Mais l’esquisse saisit également le mouvement qui anime la troupe entière. La disposition et les attitudes balancées des trois personnages, représentés ici sur le vif, en un instantané, comme en suspens, donnent l’illusion d’assister à un moment du spectacle. La rythmique syncopée du charleston transparaît nettement dans le déhanchement provocateur de Joséphine Baker. Enfin, la publicité du spectacle lui-même et sa renommée sont assurées par le rappel des grimaces – joues gonflées, yeux qui roulent et qui louchent, postures animales – qui lui ont été imposées pour la dernière scène, dite de la « danse sauvage ».

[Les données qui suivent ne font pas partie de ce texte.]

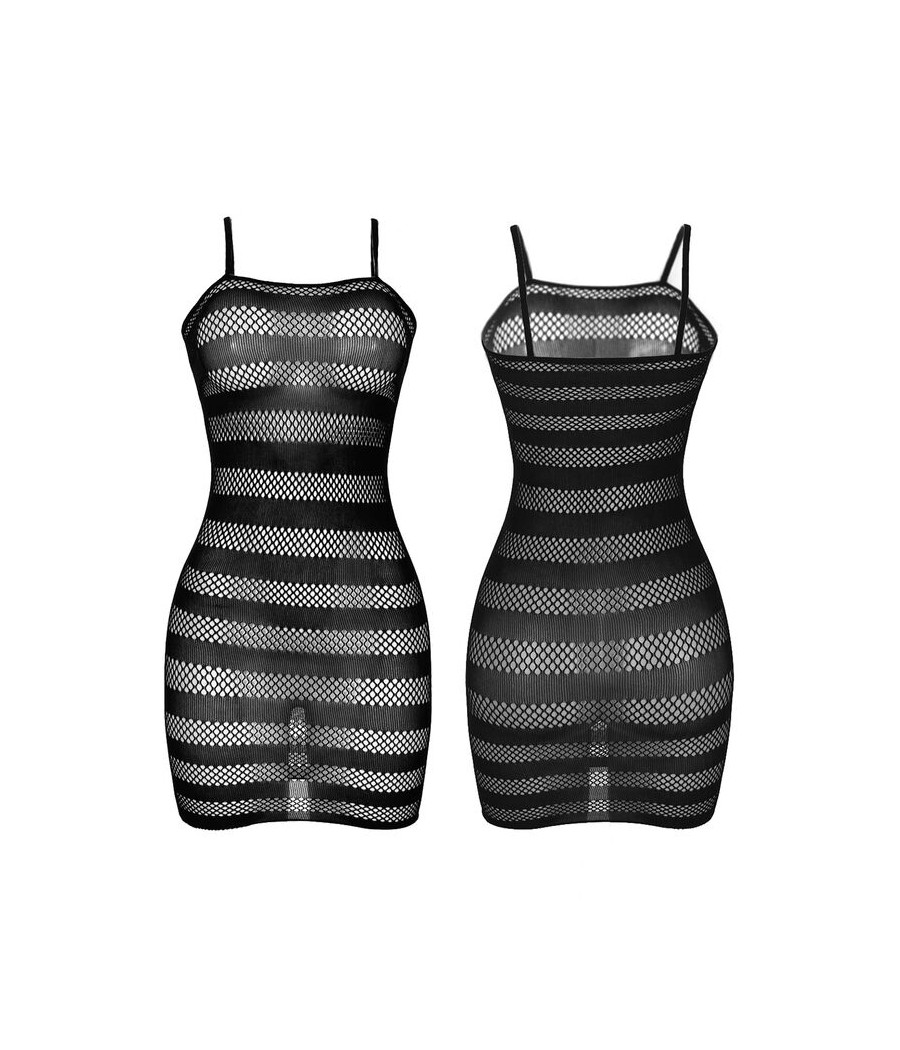 • Style : Bodystocking résille noir avec motif rayé.

Le portrait photographique de Joséphine Baker en pleine gloire, lors de la suite de la tournée à Berlin, synthétise tout ce que la jeune fille noire américaine a apporté et inspiré au Paris des années folles. Elle apparaît ici sur un fond neutre, sans décor exotique, dans une pose plutôt sage – surtout au regard des attitudes « sauvages » (en fait, fortement érotiques) qu’elle prenait lors de ses spectacles. La simple nudité de l’artiste est relevée par l’exubérance des plumes d’autruche qui voilent et suggèrent en même temps sa cambrure. Les accroche-cœurs de sa coupe « garçonne », noir de jais, et sa peau hâlée contrastent comme sur l’affiche de Paul Colin avec ses yeux en coin, ses dents éclatantes, les perles qui ondulent sur sa poitrine et, enfin, les manchettes, « chevillières » et chaussures blanches. Sa posture, un bras levé, une main sur la hanche, la tête penchée en signe d’invite, est entrée telle quelle dans l’imaginaire collectif.

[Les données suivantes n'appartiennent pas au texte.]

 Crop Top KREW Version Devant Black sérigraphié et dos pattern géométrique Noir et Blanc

L’apogée de la « mode nègre » dans l’art : le «phénomène Joséphine Baker », emblème des années folles

La thématique « nègre » a inspiré les avant-gardes du début du siècle avant de se cristalliser dans la figure de Joséphine Baker et l’irruption du jazz sur les scènes parisiennes. La première danse « nègre » a été introduite à Paris par Gabriel Astruc au Nouveau Cirque, en 1903 : il s’agissait en fait du cake walk inspiré des minstrels shows américains – où des Blancs se grimaient en Noirs pour chanter et danser comme les anciens esclaves.

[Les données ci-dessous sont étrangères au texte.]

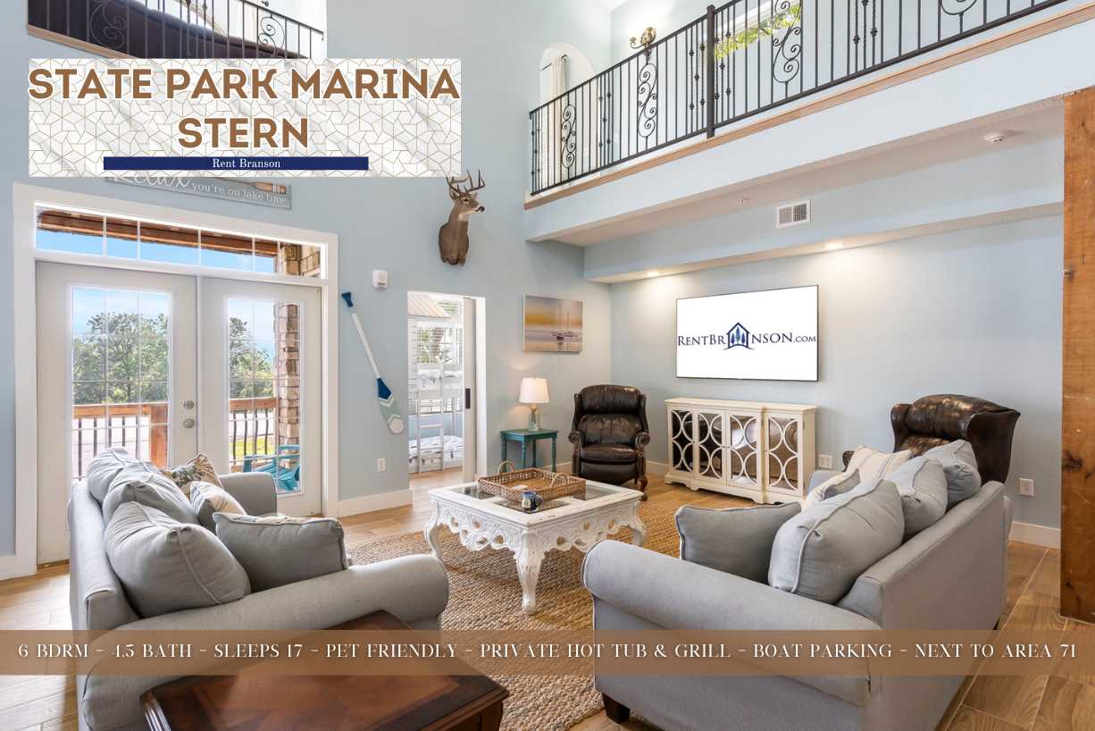 State Park Marina Stern is located just a mile from State Park Marina and a short drive to all the entertainment, shopping, and food Branson has to offer!

L’« art nègre » cher à Picasso ou aux surréalistes, les poèmes de Cendrars ou les mélodies de Milhaud et de Satie, témoignent d’une certaine « négrophilie » des artistes français du premier quart du XXe siècle. Elle est indissociable d’une aspiration à la modernité qui suscite le scandale : idoles africaines opposées aux statues de l’Antiquité classique, jazz débarqué avec les soldats américains de la Grande Guerre concurrençant la musique de chambre ou l’opéra de la Vieille Europe – et enfin, Joséphine Baker, la trépidante danseuse au léger pagne de bananes (dans son spectacle de 1927).

Il semblerait que la « danse sauvage » qui a révélé la danseuse au Tout-Paris le 2 octobre 1925 ait été ajoutée à la scénographie new-yorkaise à la demande des propriétaires du Music-hall des Champs-Élysées, en manque de spectateurs. Le scandale ainsi créé artificiellement égala celui que les Ballets russes de Diaghilev avaient suscité dans la décennie précédente. Ici, il tient sans doute moins à la bestialité fantasmée des « Nègres » dans l’imaginaire des Français qu’à la liberté totale que connotent la nudité, les déhanchements, les grimaces, le sourire, la coiffure courte de Joséphine Baker. Elle incarne l’image de la femme émancipée capable de jouir d’elle-même, de décider de son corps – de s’abandonner à la fête des années folles.